Еще пару раз в волнении метнувшись от зеркала к двери и обратно, странная дама наконец уходит.

Дуська поворачивается к своему отражению, изумленно вскидывает брови и шумно выдыхает.

***

— Чехов тут нудился, — старик недовольно нахохлился. — Он Ялту называл кладбище с цветочками, и вы еще пристаете ко мне.

— Николай Леонтьевич! — возмущается Дуська. — Она же вас любит!

— Меня? — старик, обнажая беззубый рот, хихикает с ехидным удовольствием.

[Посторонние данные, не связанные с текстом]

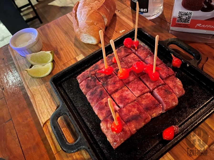 O pedido das porções é feito ali e entregues na mesa. Pedimos, claro, general linguiça de panceta limão e mel (linguiça exclusiva, feita 100% com barriga suína, com temperos exclusivos e a finalização com um leve toque cítrico que é equilibrado com o dulçor do limão), R$ 46.
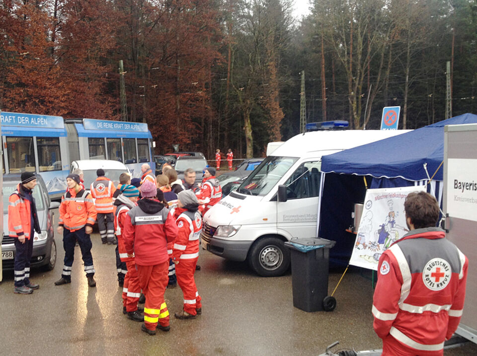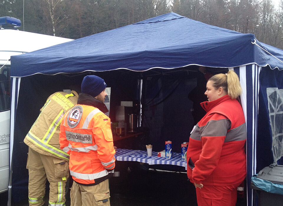 Die ehrenamtlichen Helfer des Deisenhofener Roten Kreuzes verpflegten am Sonntag gemeinsam mit Kollegen der Bereitschaft Süd 2 die Einsatzkräfte. Dazu stellten sie in der Großküche der Kreisgeschäftsstelle warmen Eintopf her, den die Helfer der Bereitschaft Süd 2 zusammen mit warmen Getränken in Geiselgasteig ausgaben.

— У неё браслеты Диоровские и кольца судя по всему с бриллиантами, чуть ли не Ля Вивион. И она так еще говорит, Тыковка, ты это называешь подвздошный оргазм: ой, великолепно… ах прэлэстно… музэй… я просто в восторге от этой экскурсии! Я не могу забыть этого мужчину!.. Вот этого, — Дуська с некоторым презрением указывает на старика. — Я-то думала, Тыковка, что она к тебе клеится. Какая-нибудь из Москвы твоя фанатка старая.

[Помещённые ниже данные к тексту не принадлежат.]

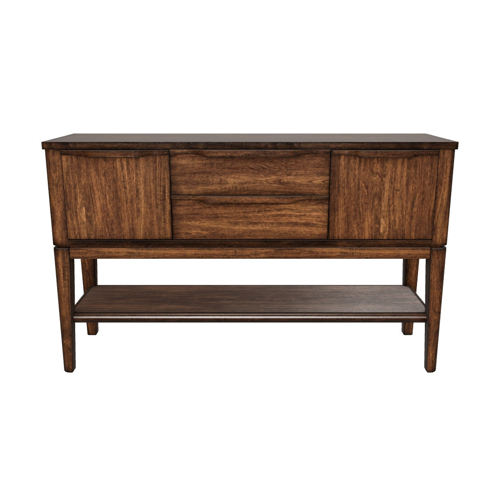 This dining sever exemplifies casual contemporary design with an urban vibe. Warm and inviting with a rich brown finish, it makes storing dining essentials that much sleeker thanks to its two smooth-gliding drawers and spacious cabinets. Seamlessly incorporated wood handles subtly nod to mid-century modern design. What a stunning reflection of your simple-meets-elegant sensibility.
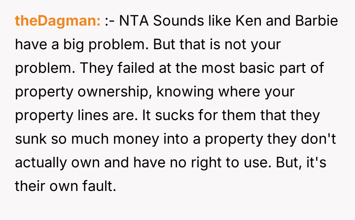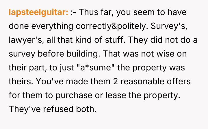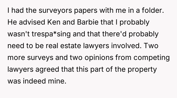 In my opinion, this story serves as a reminder of the need for clear communication and legal clarity when it comes to property. It's easy to see how misunderstandings like this can escalate unnecessarily, and how they might be avoided with better initial research or even mediation between neighbors. Ultimately, the lesson here is to always be vigilant and proactive about your property rights, while also striving to maintain good neighborly relations.
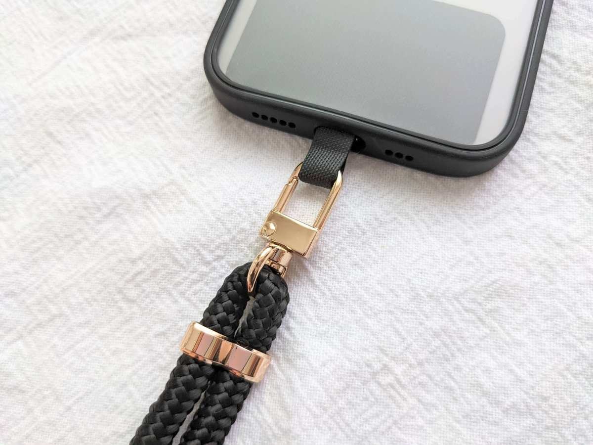 ストラップに付いている金具をホルダーに取り付けたら完成です。 フックは回転するため、首や肩にかけるときにスマホの向きは気にせずに使えます。
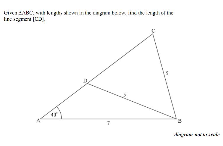 Given ^ABC, with lengths shown in the diagram below, find the lengt...
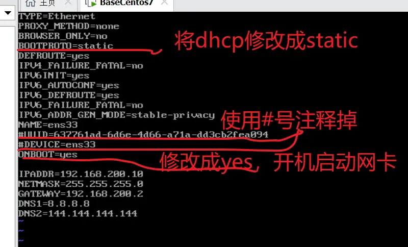 修改BOOTPROTO=dhcp 后dicp改为static UUID和DEVICE是呀#注释 ONBOOT=no改成yes

Старик еще громче хихикает.

— От неё прям деньгами пахнет, Николай Леонтьевич, и она красивая! Если её тумблером подубавить на шестьдесят по стобалльной шкале, то это примерно образ Ренаты Литвиновой.

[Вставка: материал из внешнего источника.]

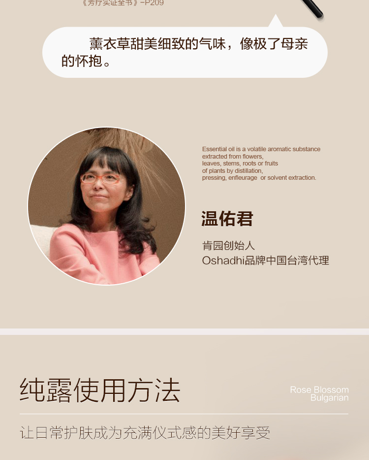- 欧洲植物精油典范品牌,1990年由植物大师荷索博士创立于德国温泉度假胜地巴登巴登。作为全球精油品类最全的品牌,Oshadhi选择自然栖息地最健康、最旺盛的植物作为原材料,以保证产品的最佳疗愈力。

— Ну какой ресторан, Дусик? Я лучше вам ставридки пожарю.

— Да вы достали уже с этой ставридкой! Ну вы же еще совсем не старик, Николай Леонтьевич!

— Спасибо вам, Дуся, — старик печально качает головой. — Мне пора. Пойдемте уже.

Режиссер над головой старика машет Дуське, что пора уходить.

За барной стойкой грохот — все-таки уронил он этот несчастный шейкер.

***

Возвращаются в ночи. Фонари пьяно колеблют узкую улочку. Тени ветвей и листьев бросаются под ноги, проскальзывают узорным полотном.

Старик вдруг садится на каменные ступеньки и закрывает лицо руками.

— Что с вами, Николай Леонтьевич?

— Ноги не держат.

— Вам плохо? Может «скорую».

— Идите в жопу.

Режиссер и девушка ждут, прислонившись к стене.

— Николай Леонтьевич, а вы сегодня, когда свои стаканчики достали — мне так жалко вас стало!

Старик машет рукой.

— А Тыковка вас из-за этого назвал — Коля-два стаканчика! Как здорово правда? Тыковка такой.

Режиссер курит и равнодушно отворачивается.

— Тыковка, мне кажется, он плачет.

— Да не плачет он! Это он перепил, да, Николай Леонтьевич?

— Нет! — всхлипывает старик. — Мне идет выпить, как говорила Екатерина Ефимовна Тагер! Я душой пью.

— Пойдемте. Ну пойдем, Николай Леонтьевич.

— Какой ужас, у-у-у, — стенает старик. — Через Россию все как через решето. Здесь каждая перемена — это измена.

Девушка и режиссер, кряхтя и чертыхаясь, поднимают его с двух сторон. Идут, качаясь в фонарных колбах, будто в гондоле плывут.

— Летучая мышь! — вскрикивает Дуська. — Вон за подоконник зацепилась. Как же ей одиноко! Она же замёрзнет здесь!

Замирают и все трое смотрят на тускло освещенное окно.

***

Два чемодана и рюкзачок Дуськи в коридоре. Старик стоит на кухне, и, приподняв узкую бурку плеч, опирается руками о край стола. Прислушивается к разговорам режиссера и девушки, порывается что-то сказать и молчит.

— Вот еще я записывала!

— Я уже звонил по твоему номеру и вызывал, ты е***шься — Воронежское такси!

— Позвони такси Ветерок.

— Х***рок! Они говорят вызывайте кого-то другого.

— Б**-ать, Тыковка!

— Что б***ть! Это не б***ть, это п***дец б***ть, мы опоздали на поезд… Алло, здравствуйте. Это Генрих? Такси Генрих? Извините, нам надо до Анапы… Как не пое… вы же такси? Как дешево? Вот же ваш прейскурант. По мосту не хо… Ну мы доплатим сколько ска… Сука! Трубку положили.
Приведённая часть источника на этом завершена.